After a super hike around Lake Furnas, we relaxed our tired limbs at the Poca da Donna Beija thermal spa. Along the river Ribeira dos Lameiros into which the source Poca da Donna Beija flows, a beautifully integrated into the landscape bathing area with numerous hot pools was created. We spent whole 3 hours in the different hot pool embedded in a tropical garden.
Back in Ponta Delgada it was time to plan our trip to La Palma. So gifts for the team in Marina Tazacorte to buy and pre-cook some food!
For our trip to la Palma we planned about 5 days. The weather forecast showed the first 2 days very calm weather and then increasing NE wind with F7 in the direction of La Palma.
The night watches we planned again in 4 hours rhythm. Already on the first day John had a tuna on the hook and I could freeze 3 nice big portions.
The first day trip to the island of Santa Maria was pretty windless and we motored almost all the way.
Around midnight on my shift there was suddenly a jolt and the engine came to a sudden stop . All of a sudden a lot of thoughts go through your head – did we ram a sleeping whale or is something caught in the propeller? What about the large ships sailing around us – without the engine with no wind we couldn’t move!
John shone the flashlight at the stern and there we saw a huge fishing net trailing out from under the boat. We tried for 2 hours to pull the net out (which was also very difficult to cut through) but it seemed to become longer and longer. Finally we decided that John would try to free the propeller in the morning by diving under the boat with a scuba tank.
The next morning John put on the diving gear, dived in and managed to free the propeller in only 10 minutes. We decided to take the net with us so that animals and other sailors would not get caught in it.

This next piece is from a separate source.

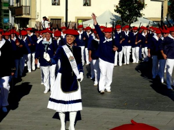 Año 2011. Amaia Lekuona Estomba. Cantinera de la Compañía Gora Arrantzale Gazteak del Alarde de Hondarribia desfilando en 2011.
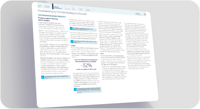 Strategic Shareholder Climate and Risk Financial Financial Barclays PLC 89 report information sustainability report Governance review review statements Annual Report 2022 Implementing our Climate Strategy (continued) TCFD Strategy Recommendation (b) | Strategic Pillar 2 We are continuing to invest in developing tools Our continued progress reflects year-on-year Our progress reflects the challenges in the Progress against existing that will enhance the quality of our forecasting reductions in emissions from our financing, power sector during 2022. While many clients sector targets and better understand the potential volatility in primarily a decrease in capital markets volumes continued to invest in additional renewables In April 2022, we published new 2030 our progress over the remaining target period. as rising interest rates paired with strong cash capacity, they also needed financing to ensure TM BlueTrack targets for the Power, Energy, flows tempered client appetite for raising capital. they could continue to meet energy demands Cement and Steel sectors, building on our Further details on management and oversight of our Lending activity showed a slight increase, mainly while managing elevated input costs. For + performance can be found on page 95. existing 2025 targets for Power and Energy. reflecting the strengthening of the US dollar. companies across Europe particularly, this meant Against a backdrop of the conflict in Ukraine and identifying how to rapidly replace Russian natural Our Client Transition Framework (CTF), which we Many energy producers have focused on capital the associated energy crisis, elevated energy gas supplies, given the conflict in Ukraine, as well began developing in 2022, will also provide insight discipline, returning capital to shareholders, prices for much of 2022 resulted in energy as shortfalls in hydroelectric power and nuclear into key dependencies and levers that will impact rather than increasing investment in new companies experiencing strong cash flows. power generation that resulted from heat and our ability to meet our targets across sectors. production and continuing to deleverage their Governments and corporations have prioritised drought. This supply gap has been filled in part by balance sheets. The impact of these capital energy security and (for consumers and SMEs) Further details on our Client Transition Framework can be an increased reliance on coal-fired power allocation decisions had the effect of partially + found on page 96. affordability. capacity, which offset some of the intensity offsetting the reduction in our financed improvements from their renewables Our progress in 2022 against our targets reflects emissions metrics. This is a function of our Energy TM investments. We have seen an increase in the potential for volatility in these metrics and BlueTrack methodology, whereby when a For our energy portfolio we set targets to reduce lending and capital markets activity, reflecting the highlights that our future progress will likely client's book value decreases, Barclays' financed our absolute financed emissions inclusive of market conditions. However, emissions intensity continue to be non-linear due to the many emissions increase, all else being equal. clients' Scope 1, 2, and 3 emissions. We are remained broadly flat, as we have focused on the external dependencies and variables beyond Power targeting a 15% reduction in CO e by 2025 and a 2 relative intensity of our portfolio. Barclays' control that may determine the pace of 40% reduction in CO e by 2030 against a 2020 For our power portfolio, we have set targets to 2 transition. Despite this forced return to coal, clients and the baseline. reduce our financed emission intensity resulting governments in the jurisdictions in which they We remain focused on our ambition of becoming from clients’ Scope 1 emissions. We are In 2022 we reduced our Energy absolute operate, have reiterated that this increase in coal a net zero bank by 2050, in line with our stated targeting a 30% reduction in CO e by 2025 and a 2 financed emissions by a cumulative power capacity will only be temporary. On Climate risk appetite, and acknowledge the need reduction in the range of 50% to 69% by 2030, balance, the consensus view is that the longer- to adapt our approach in light of the rapidly both against our 2020 baseline. term impacts of the Ukraine crisis will accelerate changing external environment, including -32% In 2022, we achieved a 9% cumulative reduction efforts to transition to renewables to avoid addressing legitimate concerns about energy in emission intensity across our power portfolio. similar supply shocks in the future. security and ensuring we continue to support further exceeding our 2025 target This progress reflects net reductions in the governments and clients in delivering the intensity of our lending activity and updated input transition to a low-carbon economy. Our absolute financed emissions were down to values used in our calculations (as outlined in our 51.7 MtCO e, an additional 10% reduction from TM 2 Further details on Barclays' Climate risk appetite can be BlueTrack Whitepaper), however, this was + the 2021 level. Of our total attributed emissions, found on page 283. partially offset by an increase in the intensity of c. 70% was related to oil, gas and natural gas our capital markets financing year-on-year. liquids (NGLs) production while the remaining c.30% was attributable to coal production, with natural gas liquids (NGLs) being generally immaterial. Further details on our use of NGLs can be found in our latest TM + BlueTrack Whitepaper in the ESG Resource Hub online at: home.barclays/sustainability/esg-resource-hub/reporting-and- disclosures/

It was absolutely calm and we were about 140 miles from Santa Maria. We seriously discussed turning back, because also for the next days hardly wind was to be expected and because we didn’t have enough fuel to get all the way to La Palma. After some more calculations we decided to go on and wait for the wind to come. And we wanted to try our cruising sail with the newly fitted “sock”.

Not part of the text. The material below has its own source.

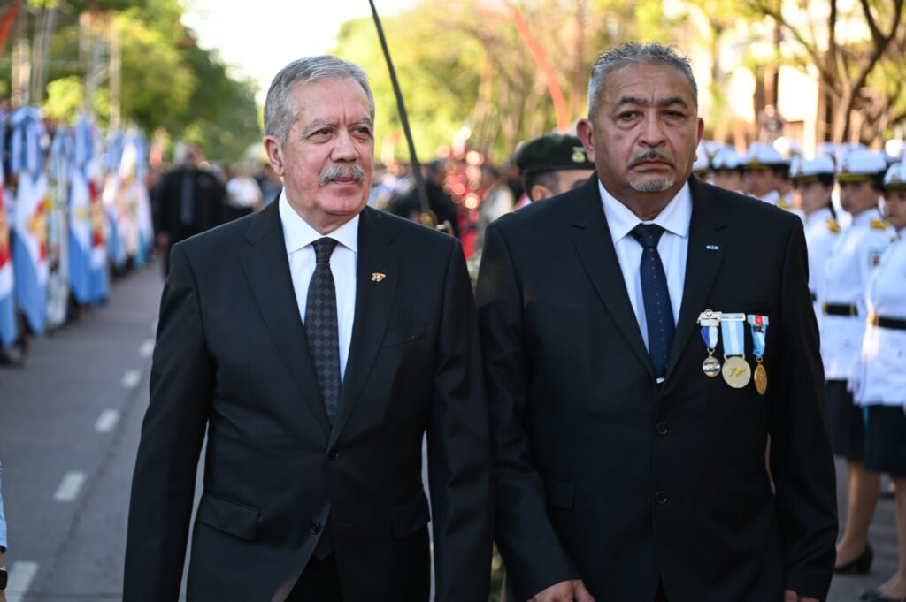 El gobernador Elías Suárez encabezó este jueves el acto central por el Día del Veterano de Guerra y los Caídos en Malvinas que se desarrolló en Plaza Sarmiento de la ciudad Capital.

This “sock” slides over the entire sail and [should] make using this very large sail much easier.
After 2 hours of preparation and frustration we finally had the sail up. The new sock proved its’ worth allowing us to relatively easily set the sail.
We sailed for almost 8 hours and made 2-5 knots. The fascinating thing was the sailing was almost silent, and with the absolute silence in the middle of the Atlantic was surreal. The next 2 days were beautiful sailing weather. We caught a large Dorado but then we lost it just before getting it on the boat. We were about 60 miles from La Palma when the wind increased from F7 to F8 and the waves also increased to a height of 3m. It became more and more towards evening and we decided to change direction and John steered to avoid the waves.
The last 6 hours were exhausting and it was a struggle to stay awake. Finally at 0230 we reached the marina in Tazacorte and were happy when we could moor “Maya” at the jetty. After an extensive shower we fell dead tired into the bunk.
The following morning we put “Maya” back into her “usual” berth (which the marina had kindly held for us) and proceeded to unload the nasty net from the boat.
The net was quite large (and heavy). It measured nearly 9 metres long and we’re pleased we didn’t leave it in the water. The marina very kindly took the net away to we know not where!